Earlier this month, a meeting between two parliamentary groups, Prime Minister Boiko Borissov’s GERB and the Movement for Rights and Freedoms, heard objections from various faiths. These submissions have caused political parties in Bulgaria’s Parliament to take stock and reconsider the proposed Bulgarian Law on Religious Denominations before it is put to a second reading.

In the initial draft of the proposed law, there was a ban on foreigners and people with foreign religious qualifications conducting religious services unless they had permission from the state-run Religions Directorate. This stipulation has now been shelved. Instead, foreign clerics with short-term residence in Bulgaria  between three to six months will be allowed to conduct services. However, a foreign cleric coming to Bulgaria for a short stay of a few days would still have to notify the state’s Religion Directorate if planning to conduct a religious service.

For religious groups that are truly international such as the Catholic Church, this makes the provision of pastoral care in Bulgaria needlessly hampered by bureaucratic controls.

Another stipulation shelved was that only religious groups with adherents totaling more than one percent of Bulgaria’s population would be eligible for state subsidies. Under this criteria, only the Bulgarian Orthodox Church and Bulgaria’s Muslims would have qualified. Now, it seems a different formula will apply for state subsidies to all religious groups.

The proposed Bulgarian Law on Religious Denominations has also been amended to continue to allow anonymous foreign donations to religious groups within Bulgaria.

The reason Bulgaria’s parliament has started to move to limit and restrict religious activity is largely in reaction to the spread of radical Islam. However, not to be seen to be directly discriminating against Muslims, the Bulgarian authorities have by default restricted the activities of all minority faiths within Bulgaria, including Catholics and other Christian denominations as well as Jews.

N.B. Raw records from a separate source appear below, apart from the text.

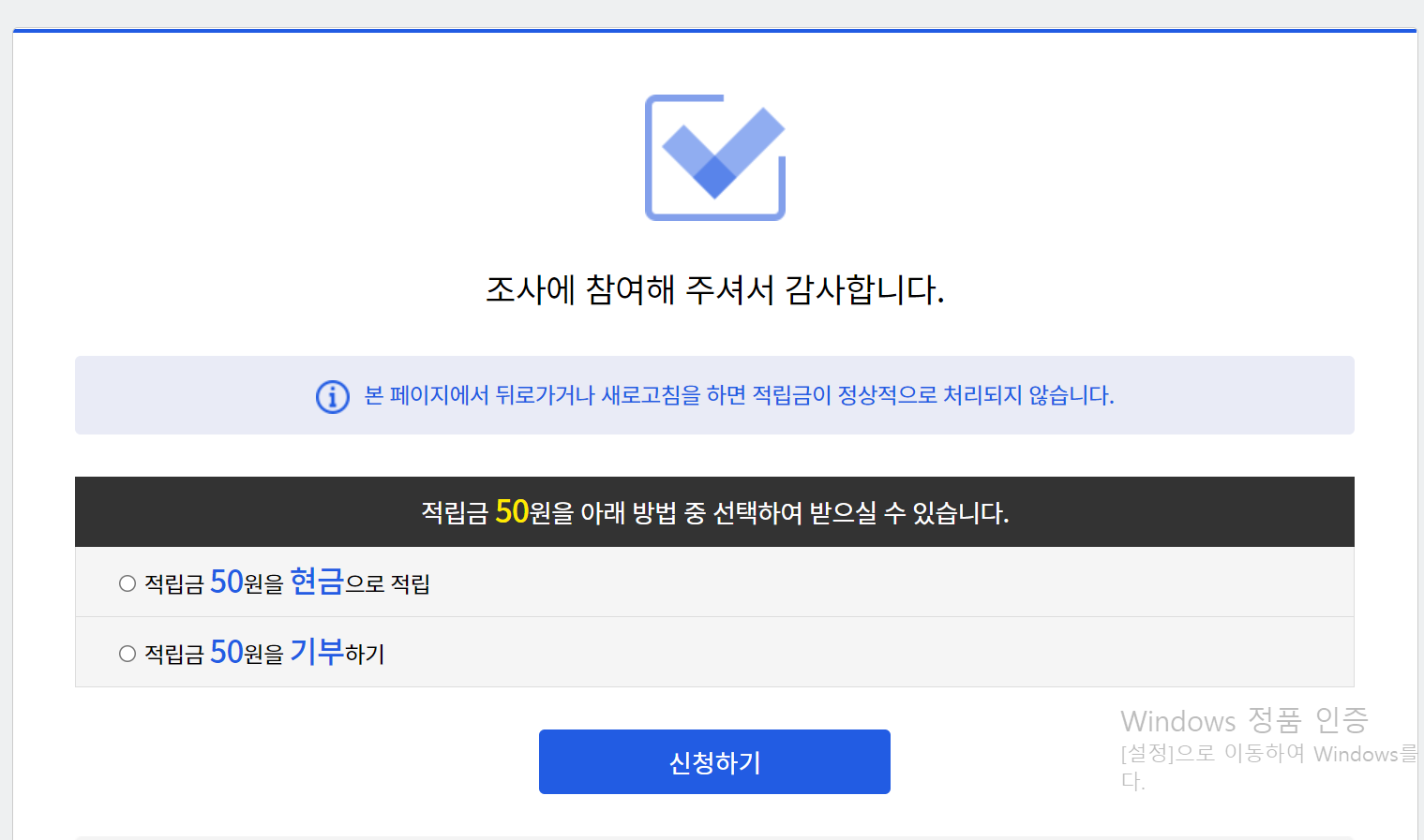 적립금 신청 후 적립금 확인하기를 누르시거나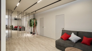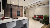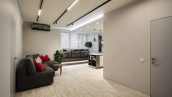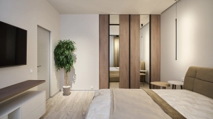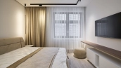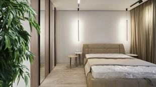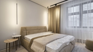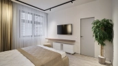 1-bedroom apartment with total area of 75 m² in the business class complex "Donskoy Olympus". The apartment is renovated in a modern style according to the author's design project. Thanks to 3 meters high ceilings and large windows, the space is filled with natural light. Several types of light design, track magnetic lighting system. The windows overlook a quiet private courtyard. The apartment is fully furnished and equipped with all necessary appliances.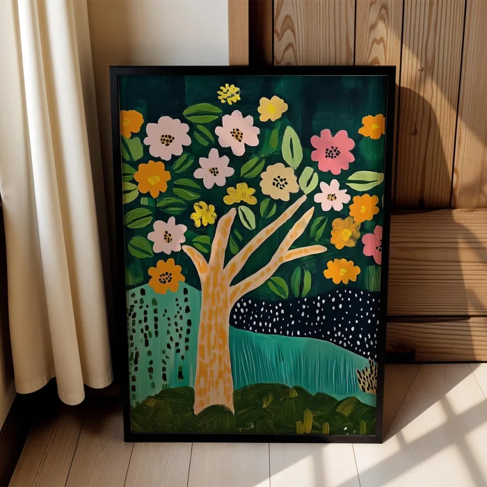 Product: Doğa Ağacı - Çiçekli Dallar Wooden Framed Wall Art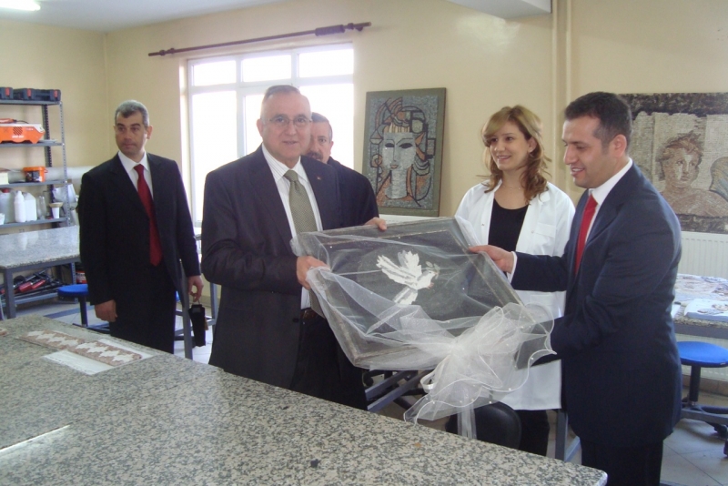 Mozaik sınıfını gezen Başkan Güzelbeye kurs hocası ve kursiyerler tarafından yapılan mozaik tablo hediye edildi.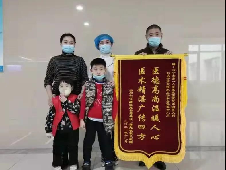 1月8日,“三九”敷贴现场,吴先生一家四口前来送锦旗,兄妹俩近几年一直在中西医结合儿科就诊,经过辨证论治,针对性的给予中药口服和中药贴敷治疗,效果显著,两个孩子的免疫力得到很大提升,对中西医结合儿科苑修太主任团队感激不已。为患儿贴敷期间,中西医结合儿科医护人员的默契配合,精心护理,有效果保证贴敷效果。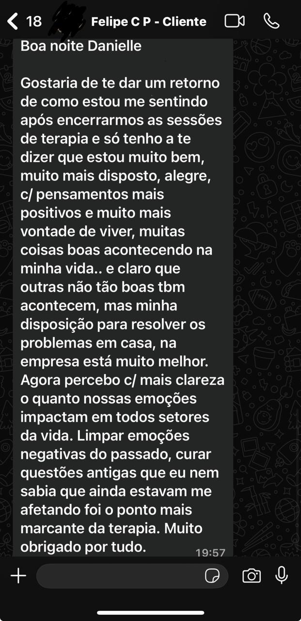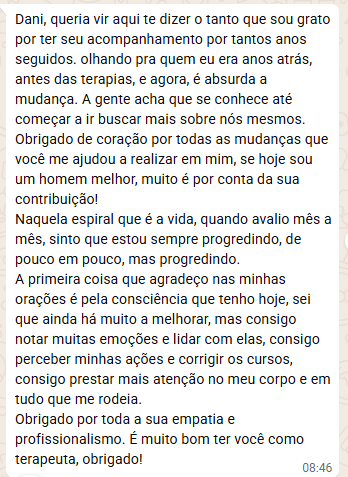 Vamos realizar uma conversa terapêutica bem acolhedora, onde você vai me dizer como você está emocionalmente e fisicamente e compartilhar um pouco sobre a sua história e os desafios que vem enfrentando.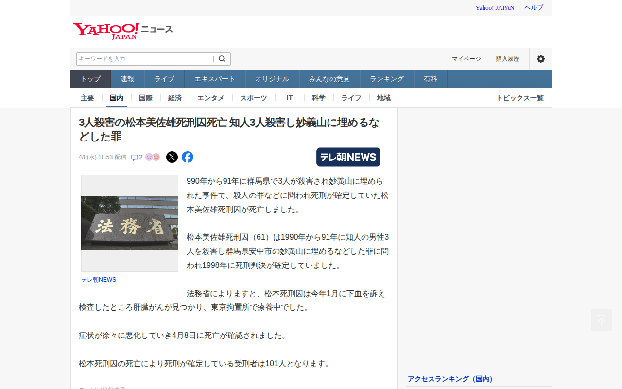 news.yahoo.co.jp/articles/15ba974d78ae79eabbf101769e279447336eab6bのウェブアーカイブ(魚拓)です。 元のページが削除されても、保存されたスクリーンショットとHTMLで内容を確認できます。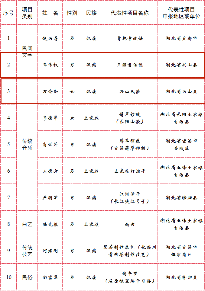 2月19日,文化和旅游部公示了第六批国家级非物质文化遗产代表性传承人推荐人选名单,全国共958人,湖北省40名传承人榜上有名,兴山县入选两人。
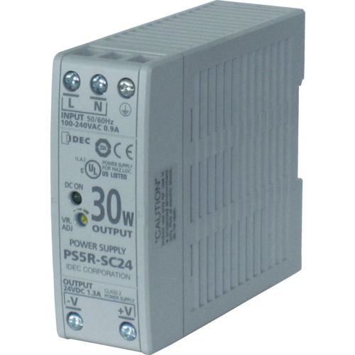 IDEC(株) 品番:PS5R-SC24 IDEC PS5R-S形スイッチングパワーサプライ(薄形DINレール取付電源) 特長ACフリー入力に加え、SS端子(フィンガープロテクション構造)を装備したワールドワイド電源です。使いやすさを追求したDINレール取り付けタイプです。直付金具の使用により、パネルなどに直接取り付け可能です。CEマーキング適用品(LVD、EMCD)、UL認証品、EN規格適合

Many see this latest legislative approach in the Bulgarian parliament as being wholly ineffective in curtailing the threat of Islamic terrorism, however, but a real threat to religious freedom in Bulgaria. Ironically, because of Muslim numbers in Bulgaria, the proposed law would have had a disproportionate effect not on Muslims but on smaller groups such as non-Orthodox Christians and Jews.

“We have repeatedly requested that the MPs behind the bill amend or remove the worst aspects of the law (but) without success,” Kostov said. “The proposed law represents a fundamental attack on freedom of religion in our country.”

The lack of progress nationally has meant that the proposed law’s opponents have taken their concerns to European bodies. As Kostov explained, “As the Parliament has not acted to protect the rights of minority religions, we were left with no option but to seek a review of this law’s compatibility with international law. We have directly called on the National Assembly to adjourn further votes on this legislation until this has taken place.”

With the assistance of ADF International, a global human rights organization, the coalition of Bulgarian churches represented by Kostov has appealed to the Secretary General of the Council of Europe to refer the proposed law to the Venice Commission. This is an advisory body of the Council of Europe on constitutional matters. It ensures that all Council of Europe Member States bring their legal structures and laws into line with accepted European standards. ADF International and its allies want the Venice Commission to carry out an urgent review of Bulgaria’s Law on Religious Denominations.

“The European Convention on Human Rights secures the right of the people of Bulgaria to worship freely without unjustified interference. This request calls for urgent attention to the proposed Bulgarian law,” said Lorcán Price, legal counsel for ADF International.

“This latest proposed law will interfere with the right of Bulgarian churches to conduct their business without burdensome regulation and restrictions. Nobody should be deprived of the fundamental right to religious freedom. As the European Court of Human Rights has ruled in the past, the government should not engage in ‘picking favorites’ when it comes to churches,” Price said.